■ What the task asks
With the images excluded, set down every line of the listing below exactly.

■ Input data
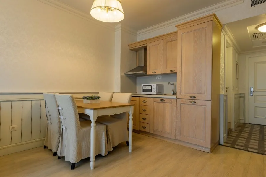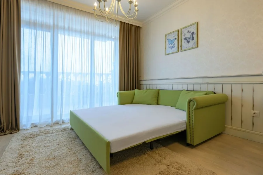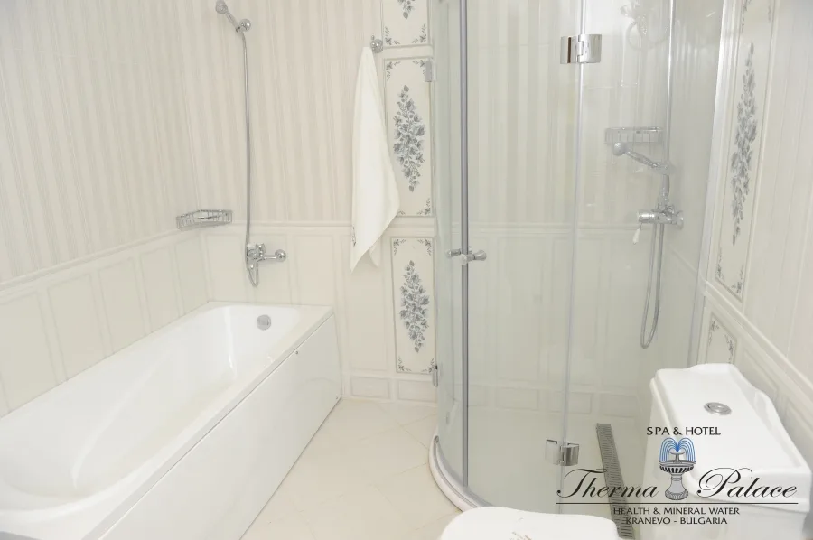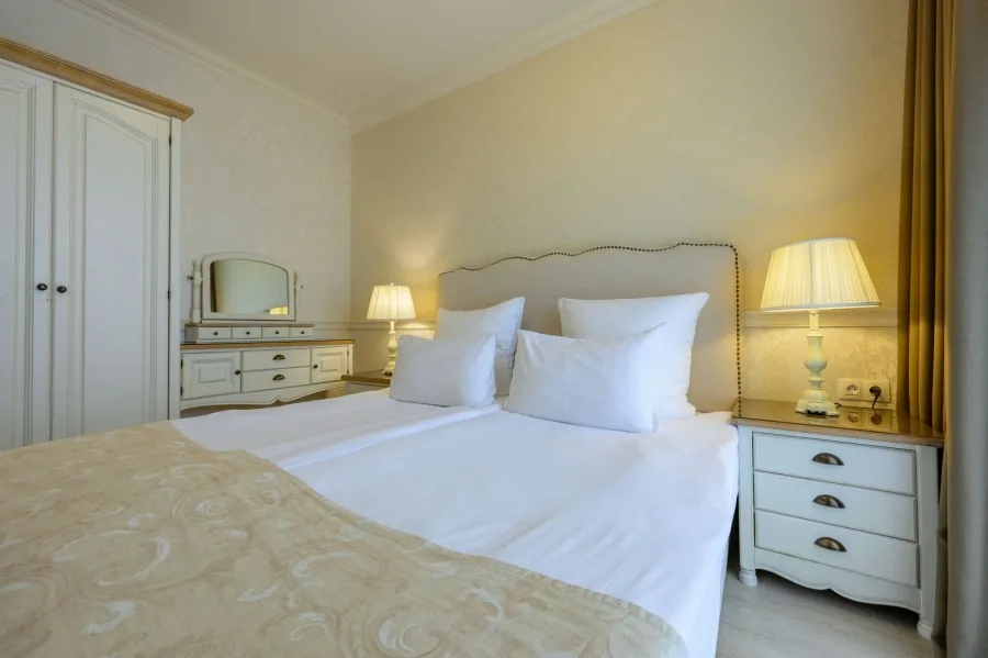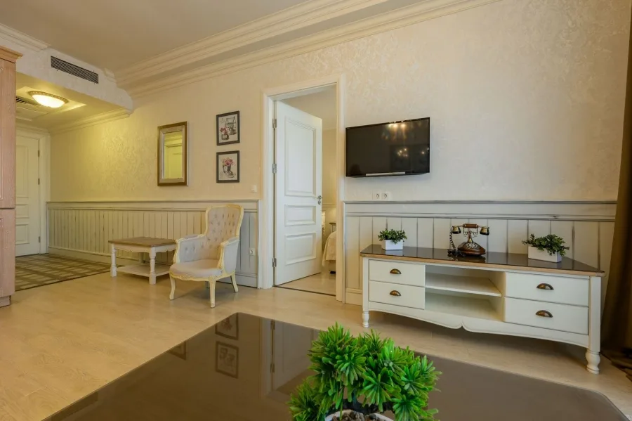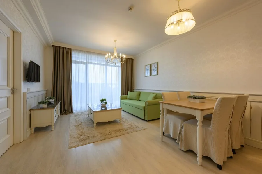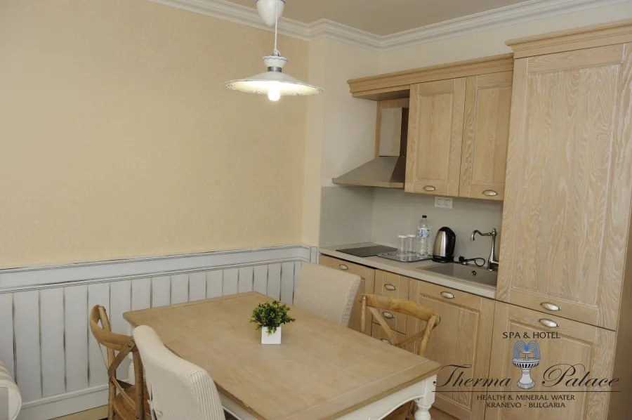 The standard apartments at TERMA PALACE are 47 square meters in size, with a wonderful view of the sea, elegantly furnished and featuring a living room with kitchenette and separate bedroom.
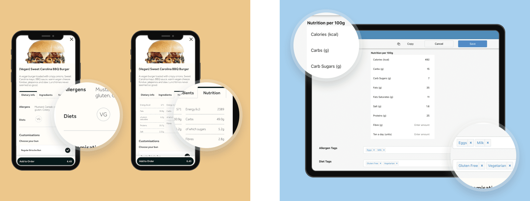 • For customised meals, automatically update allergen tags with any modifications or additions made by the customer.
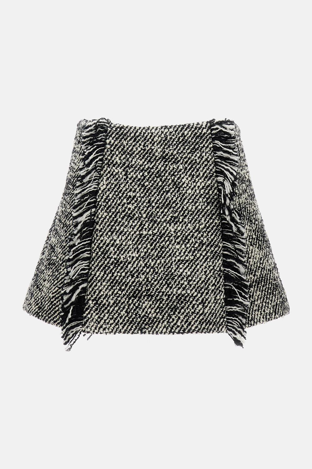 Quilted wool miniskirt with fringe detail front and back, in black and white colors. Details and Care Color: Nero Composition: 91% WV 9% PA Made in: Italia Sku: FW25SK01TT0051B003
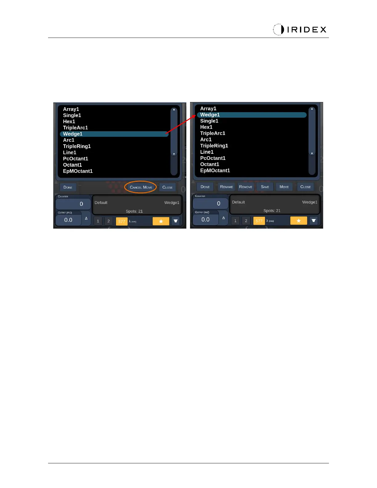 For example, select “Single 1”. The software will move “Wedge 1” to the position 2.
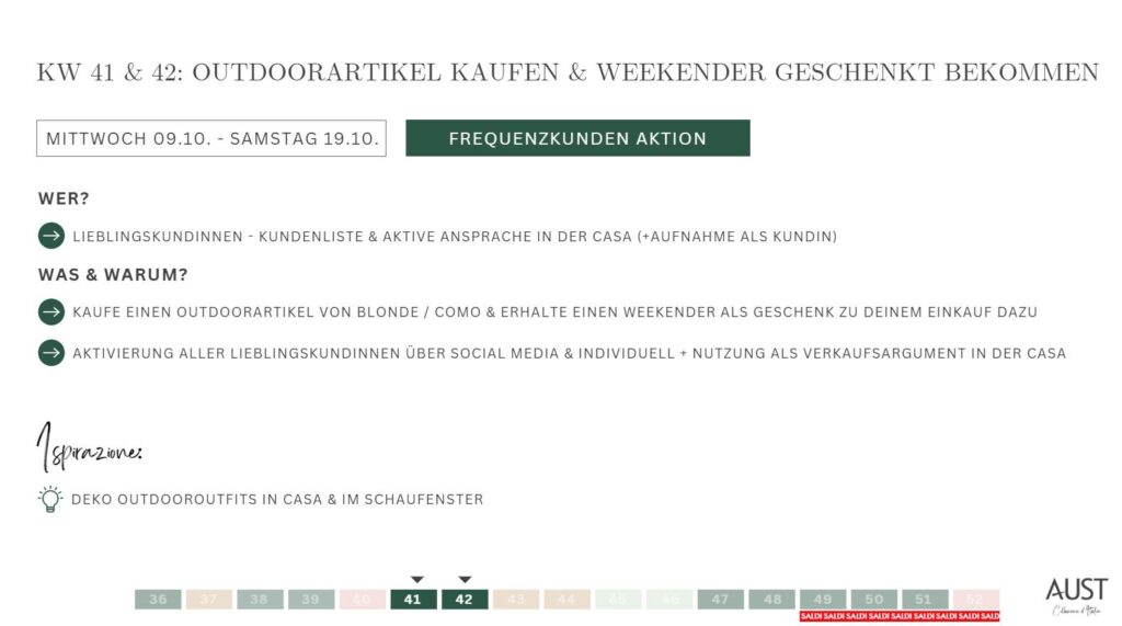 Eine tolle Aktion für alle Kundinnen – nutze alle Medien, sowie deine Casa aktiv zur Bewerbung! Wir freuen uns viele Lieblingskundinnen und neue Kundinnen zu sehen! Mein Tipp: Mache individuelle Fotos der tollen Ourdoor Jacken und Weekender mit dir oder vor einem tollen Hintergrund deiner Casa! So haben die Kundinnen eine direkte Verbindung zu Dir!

■ Written answer
 The standard apartments at TERMA PALACE are 47 square meters in size, with a wonderful view of the sea, elegantly furnished and featuring a living room with kitchenette and separate bedroom.
 • For customised meals, automatically update allergen tags with any modifications or additions made by the customer.
 Quilted wool miniskirt with fringe detail front and back, in black and white colors. Details and Care Color: Nero Composition: 91% WV 9% PA Made in: Italia Sku: FW25SK01TT0051B003
 For example, select “Single 1”. The software will move “Wedge 1” to the position 2.
 Eine tolle Aktion für alle Kundinnen – nutze alle Medien, sowie deine Casa aktiv zur Bewerbung! Wir freuen uns viele Lieblingskundinnen und neue Kundinnen zu sehen! Mein Tipp: Mache individuelle Fotos der tollen Ourdoor Jacken und Weekender mit dir oder vor einem tollen Hintergrund deiner Casa! So haben die Kundinnen eine direkte Verbindung zu Dir!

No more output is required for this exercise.